Source URL: https://www.theregister.com/2025/01/22/ransomware_crews_abuse_microsoft_teams/
Source: The Register
Title: Ransomware scum make it personal for <i>Reg</i> readers by impersonating tech support
Feedly Summary: That invitation to a Teams call on which IT promises to mop up a spamstorm may not be what it seems
Two ransomware campaigns are abusing Microsoft Teams to infect organizations and steal data, and the crooks may have ties to Black Basta and FIN7, according to Sophos.…
AI Summary and Description: Yes
Summary: The text details two separate ransomware campaigns using Microsoft Teams to compromise organizations, with indications of ties to known threat groups Black Basta and FIN7. It emphasizes the evolving tactics employed by these groups, particularly how they exploit Microsoft services and rely on socially engineered attacks to gain access to targets.
Detailed Description:
The analysis provided by Sophos identifies two ransomware groups, STAC5143 and STAC5777, and outlines their methods for infiltrating organizations via Microsoft Teams—highlighting significant trends in ransomware deployment and targeted attacks.
– **Campaigns Overview**:
– **STAC5143**: Linked to FIN7, this group’s initial detection involved extensive email spam leading to malicious Teams interactions, where attackers posed as IT personnel.
– **STAC5777**: Associated with Black Basta, this group mimicked internal IT communications to initiate control over victim devices.
– **Attack Mechanism**:
– **Initial Access**:
– Email spam campaigns were the first step in both campaigns, which led to Microsoft Teams calls from fake help desk accounts.
– **Installation of Malware**:
– Attackers guided users to install remote access tools (like Microsoft’s Quick Assist), allowing for direct device control.
– Malware dropped included Java archives and Python-based backdoors for reconnaissance and exploitation.
– **Complex Tactics**:
– Utilized operational security practices (like using Virtual Private Servers across different countries) to obscure their tracks.
– Employed strategies to bypass security measures, such as side-loading malicious DLLs through legitimate processes (e.g., OneDrive).
– **Targets and Methods**:
– Focused on smaller organizations in diverse sectors, differing from traditional targets of larger threat groups.
– Included attempts to uninstall security measures like multi-factor authentication during lateral movement within networks.

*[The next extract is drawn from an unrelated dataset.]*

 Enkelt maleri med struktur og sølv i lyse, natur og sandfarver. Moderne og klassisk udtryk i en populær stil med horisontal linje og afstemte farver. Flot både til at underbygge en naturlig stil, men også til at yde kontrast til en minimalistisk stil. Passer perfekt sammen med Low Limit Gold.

– **Key Insights for Security Professionals**:
– The report underscores the importance of vigilance regarding communication through collaboration tools like Microsoft Teams, which are increasingly being targeted.
– Emphasizes the necessity of training employees to recognize phishing attempts and socially engineered tactics.
– Stresses the adoption of advanced endpoint protection and monitoring tools to detect and respond to such sophisticated attacks early.
– Highlights the relevance of threat intelligence sharing to understand evolving tactics by criminal organizations.
The information encapsulated in the report is crucial for cybersecurity professionals tasked with safeguarding organizational assets and protecting against the rising threat of ransomware utilizing legitimate platforms for exploitation.